Source data:
-------------------------

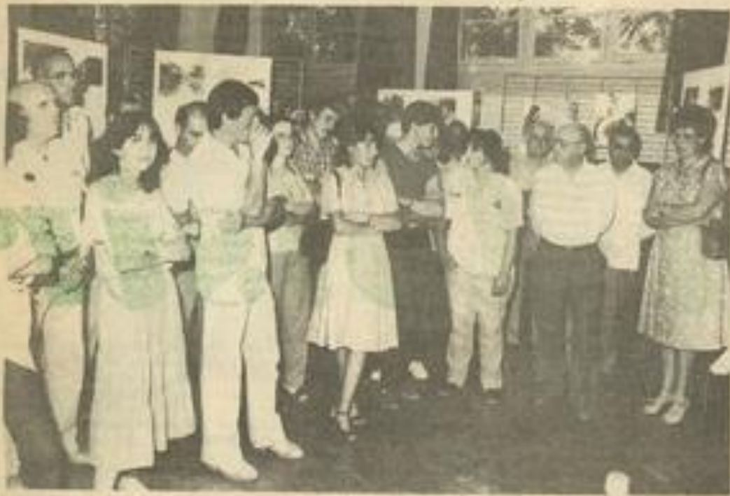
● Un nombreux public assistait à l'inauguration
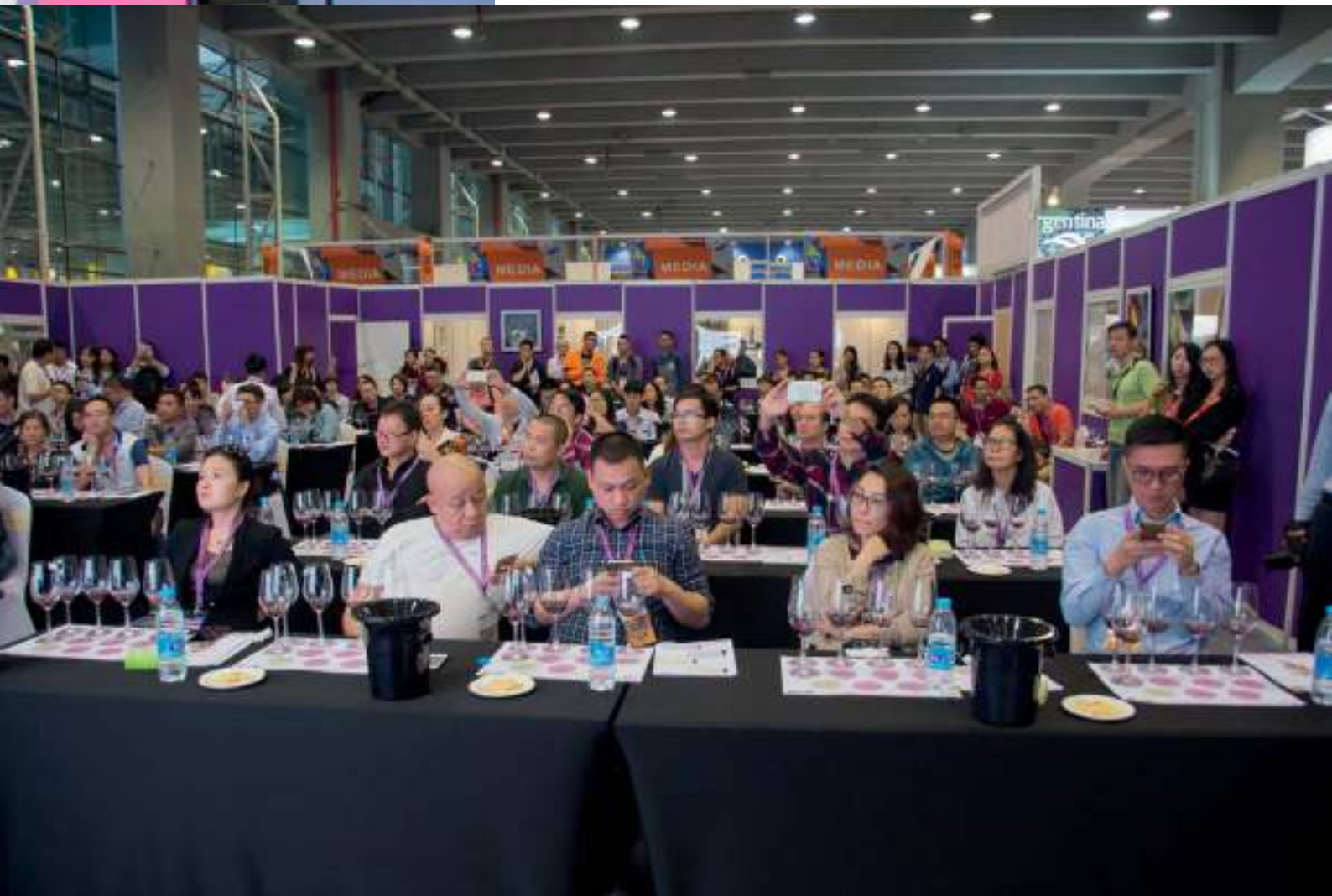
Seminario de cata con público chino

en estas ferias es más bien tímido”. Desde que iniciaran las relaciones comerciales con el país chino, a principios del siglo XXI, el crecimiento ha sido continuo para los vinos de DO La Mancha, pasando de las 1.500 botellas testimoniales, en 2003 a los 4.302.204 de botellas importadas, en lo que va de año en este 2016, que puede convertir a China en el principal cliente mundial para los vinos con Denominación de Origen La Mancha.
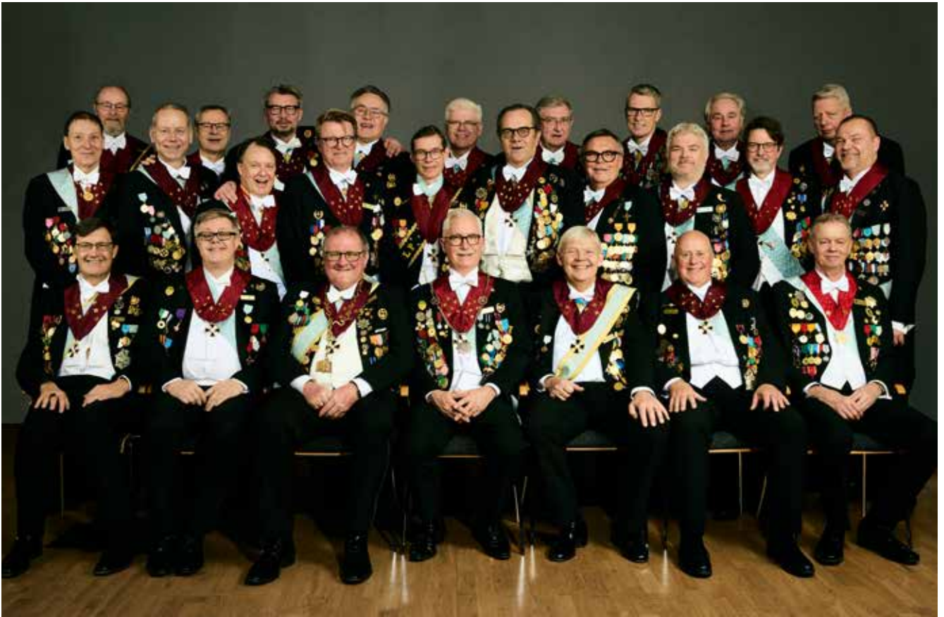
Samtliga logers styrande inom Par Bricolle samlade på en bild. Inte ofta det händer. Det ska till en installation av stora mått för det.

Lördagen den 1 februari satte vi ett svårslaget rekord när över 260 Bröder bänkade sig i Spegelsalen för Grad II och installation. Det blev en formidabel succé med högtidlig installation varvat med vacker körsång, musik och spexinslag av våra teaterbröder. Spegelsalen var vacker smyckad med sköldar och rekvisita av intendenterna.
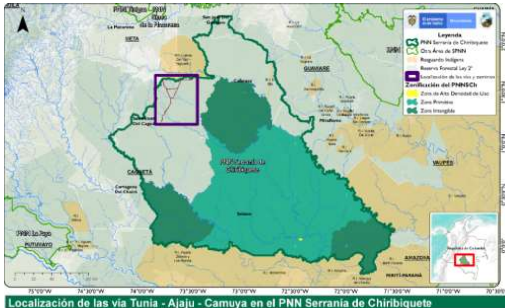
Mapa 1. Localización de la vía Tunia - Ajaju - Camuya y Zonificación del PNN Serranía de Chiribiquete

Al occidente del PNNSch en el municipio de San Vicente del Caguán se detectó un conjunto de vías y caminos con un total de 113,7 Km que fragmentan la cabecera de los ríos Ajaju y Yaya – Ayaya en la subzona hidrográfica del río Ajaju y los bosques basales e inundables del Zonobioma Húmedo Tropical y Helobioma Yari-Chiribiquete. Al facilitar el acceso este conjunto de vías es motor de la deforestación en este sector del área protegida en lo que denominamos el Núcleo de Deforestación Tunia Ajaju (ver Mapa 3).
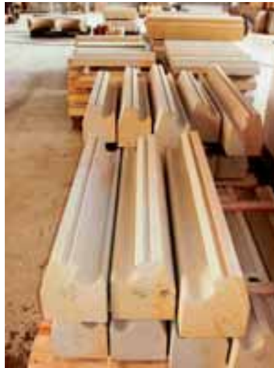
Profile aus BAUMBERGER
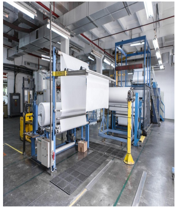
Виробництво захисного покриття для автомобілів на ТОВ «ТРОКС Україна»

Станом на 1 січня 2024 року до Коломийського району релоковано із зони бойових дій 23 суб'єкти господарювання, в тому числі 11 юридичних осіб і 12 фізичних осіб-підприємців. Релокований бізнес працює в таких галузях: сільське господарство, обслуговування мототехніки, оптова і роздрібна торгівля, послуги харчування, перукарські, освітні та логістичні послуги, виготовлення ножів, пошиття одягу, виробництво брикетів.
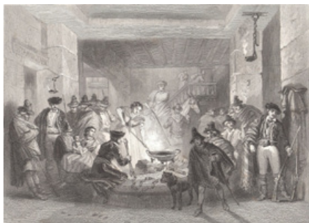
Imatge 7. Una venta (Voyage pittoresque en Espagne et en Portugal, Émile Bégin, Germans Adolphe i Émile Rouargue, 1852)
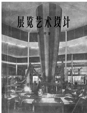
《展览艺术设计》，人民美术出版社，吴劳著，1958年

并在巴黎市立装饰美术学院学习家具设计、染织、陶瓷、金属工艺等。他在留学法国前，先在广东省立工业专门学校上学，受过金工、木工等技术训练。20世纪30年代曾两度赴德参观包豪斯的展览，比较推崇包豪斯思想，毕生关注艺术与技术的结合。
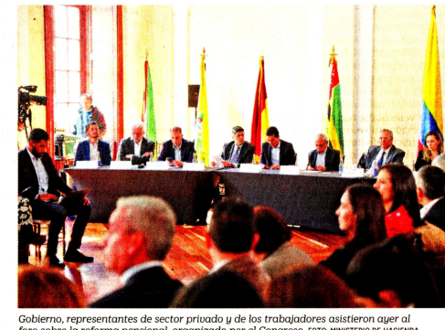
Gobierno, representantes de sector privado y de los trabajadores asistieron ayer al foro sobre la reforma pensional, organizado por el Congreso.

Al referirse al punto de los aportes, uno de los puntos que más criticó el ministro Bonilla, el vocero gremial explicó que las cotizaciones quedan como están, pero lo que les inquieta es que, con
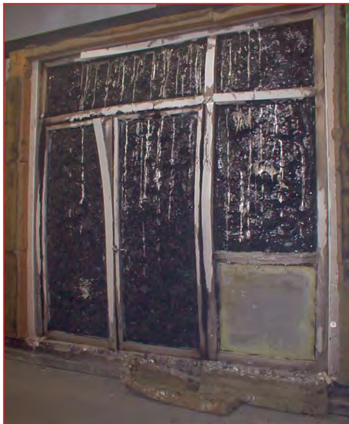
Abbildung 5: verglaste Türe mit Seiten- und Oberteilen nach der Feuerwiderstandsprüfung – brandraumseitige Ansicht
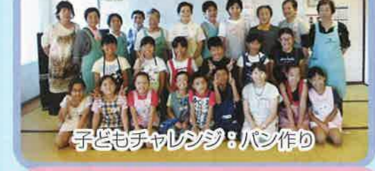
子どもチャレンジ：パン作り
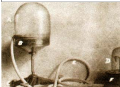
Harry Price utiliza diferentes instrumentos durante las sesiones de espiritismo, como este telekinoscopio de su invención.
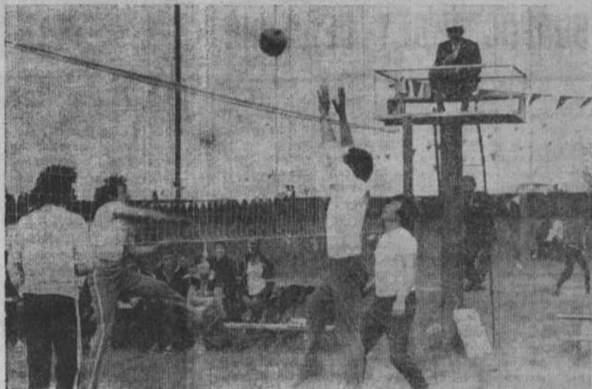
Идут жаркие схватки волейболистов на стадионе «Урожай» с. Анжар.

В 1985 году на туристических маршрутах и базах провели свой отпуск 38 млн. человек.
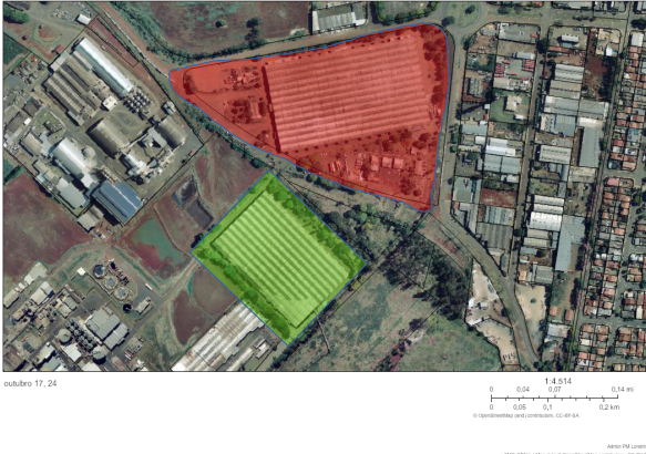
Ortofoto Infraero 2019-2020.
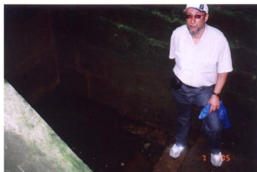
Кёльн: старинная миква

Междугородный экспресс мчал меня через просторы Германии со скоростью 250 км/час к Мюнхену, конечной точке моего маршрута. В вагоне ехали азиаты, турки, арабы. Это была новая Германия, мультинациональная и открытая. Только вот надолго ли? Не явится ли этот этап лишь преходящим явлением, в пору экономических и политических волнений могущий быть снесен волной ненависти и ксенофобии, как это уже не раз бывало в прошлом?
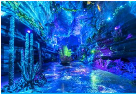
ป่าหิน สั่วปู้ย่า
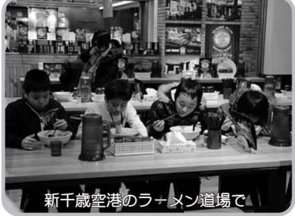
新千歳空港のラーメン道場で

「ホームステイで交流を深め、生活文化の違いを学びたいです」など一人ひとり自己紹介と抱負を発表した後、全員で元気にエイサーなどを披露し、大きな拍手を浴びていました。
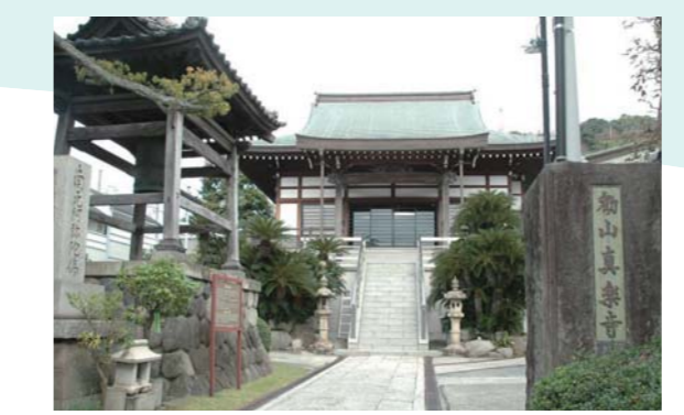
3 眞楽寺 親鸞上人が命名した寺。上人が石に指頭で名字を書かれたといわれる、2メートルほどの帰命石と呼ばれる石があります。

小田原は江戸時代、大久保氏十一万三千石の城下町を兼ねた宿場として、箱根の山越え、関所を控えた宿場として大いに栄えています。そのスケールは東海道屈指で、本陣、脇本陣ともに四軒、そして旅籠屋は九十五軒を数えました。国の史跡に指定されている小田原城はもちろんです。当時の宿場の町並みを今に伝える板橋の旧道、小田原城攻めの時に豊臣秀吉が築いた石垣山一夜城など、貴重な史跡に今でも数多く出会えます。

-------------------------

Problem: Your task is to return each line of the data above that contains the string "como".

Response box:
Al referirse al punto de los aportes, uno de los puntos que más criticó el ministro Bonilla, el vocero gremial explicó que las cotizaciones quedan como están, pero lo que les inquieta es que, con
Harry Price utiliza diferentes instrumentos durante las sesiones de espiritismo, como este telekinoscopio de su invención.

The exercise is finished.